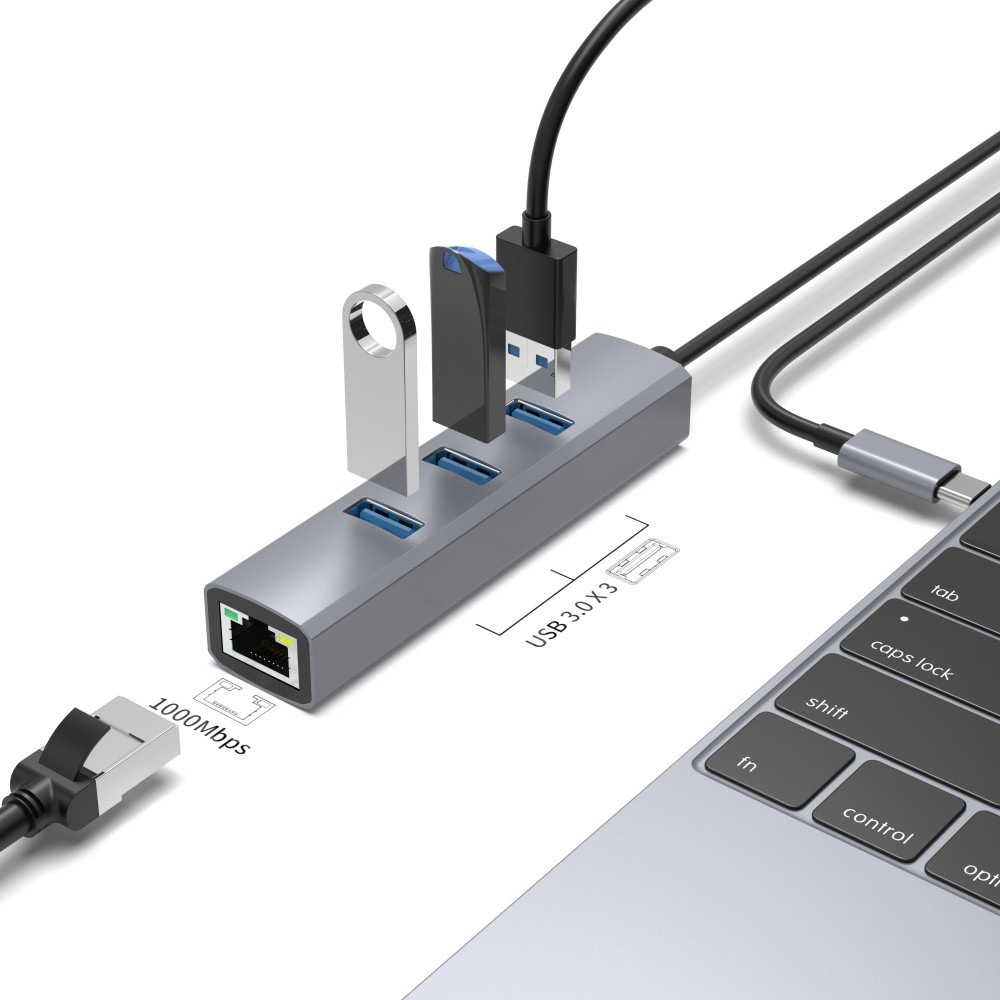 产品名称:铝合金USB3.0千兆网络适配器+3口3.0 usb hub
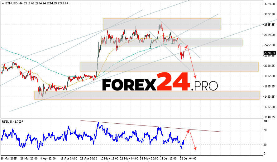 Ethereum Forecast and ETH/USD Analysis for June 24, 2025 suggests an attempt at a bullish correction and a test of the resistance area near the 2415 level. From there, we can expect a rebound and a continuation of the decline in the ETH/USD cryptocurrency to an area below the 1775 level. An additional signal in favor of a decline in Ethereum will be a test of the trend line on the relative strength indicator. A breakout of the resistance area at 2725 will cancel the scenario of a decline in the digital currency. This will indicate a continuation of the growth of the digital currency with a potential target above the level of 3165.
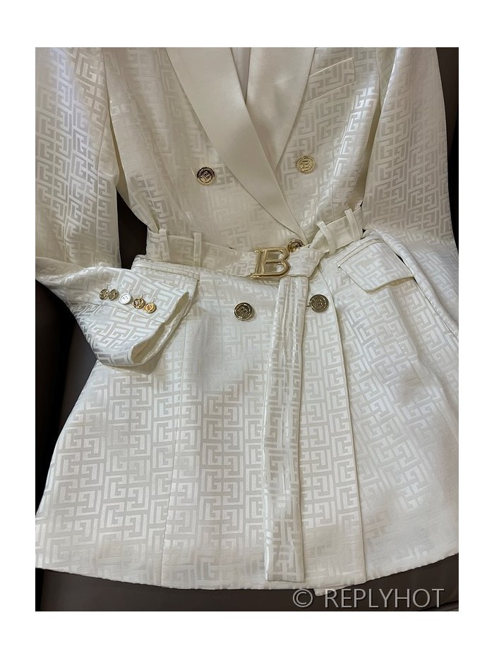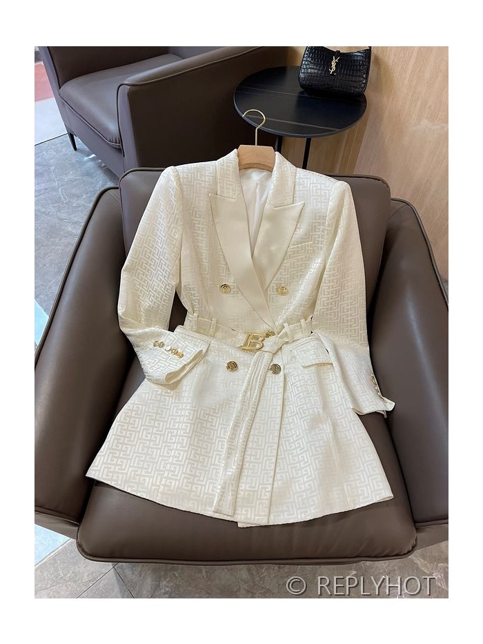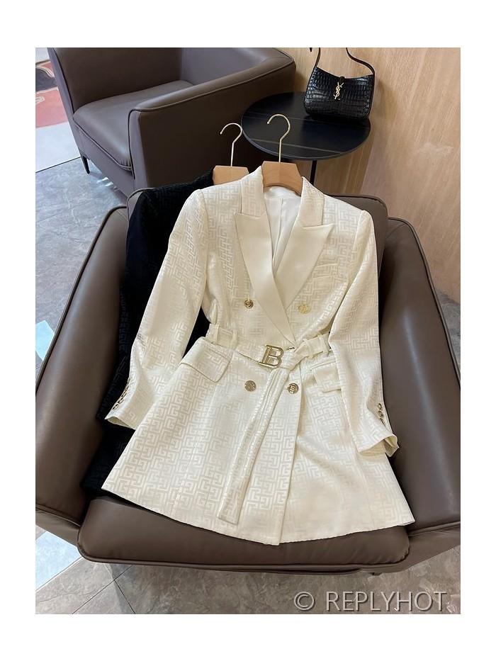 발망 더블 브레스트 자카드 레터 아세테이트 긴팔 드레스 자켓 > 발망
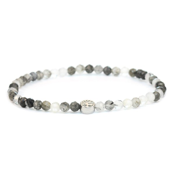 LAKADA Genuine Gemstone Bracelet with Faceted 4 mm Beads and Stainless Steel Tree of Life Healing Stone Protective Stone Bracelet Lucky Charm Talisman Gift, Gemstone, Faceted gemstone
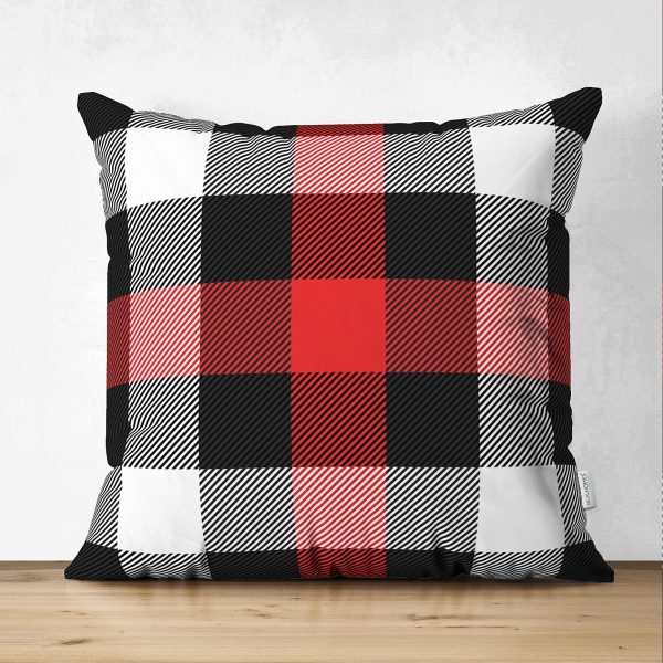 Siyah Kırmızı Beyaz Ekose Desenli Dekoratif Dikdörtgen Yastık Kırlent Kılıfı
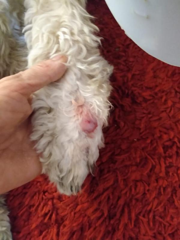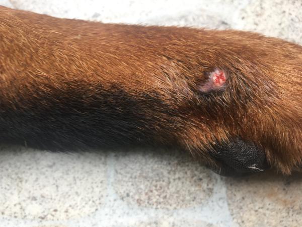 Buenas tardes, quisiera saber que es lo que tiene mi perro porque ya hace una semana que lo trato y la primera lesión seco pero apareció en paralelo está más arriba de su mano

_ _ _

**Work required**.
Once the line with "Ethereum Forecast and" is found above, transcribe each line from it through the line with "LAKADA Genuine Gemstone", exactly, and omit the pictures.

**Result of the exercise**.
 Ethereum Forecast and ETH/USD Analysis for June 24, 2025 suggests an attempt at a bullish correction and a test of the resistance area near the 2415 level. From there, we can expect a rebound and a continuation of the decline in the ETH/USD cryptocurrency to an area below the 1775 level. An additional signal in favor of a decline in Ethereum will be a test of the trend line on the relative strength indicator. A breakout of the resistance area at 2725 will cancel the scenario of a decline in the digital currency. This will indicate a continuation of the growth of the digital currency with a potential target above the level of 3165.
 발망 더블 브레스트 자카드 레터 아세테이트 긴팔 드레스 자켓 > 발망
 LAKADA Genuine Gemstone Bracelet with Faceted 4 mm Beads and Stainless Steel Tree of Life Healing Stone Protective Stone Bracelet Lucky Charm Talisman Gift, Gemstone, Faceted gemstone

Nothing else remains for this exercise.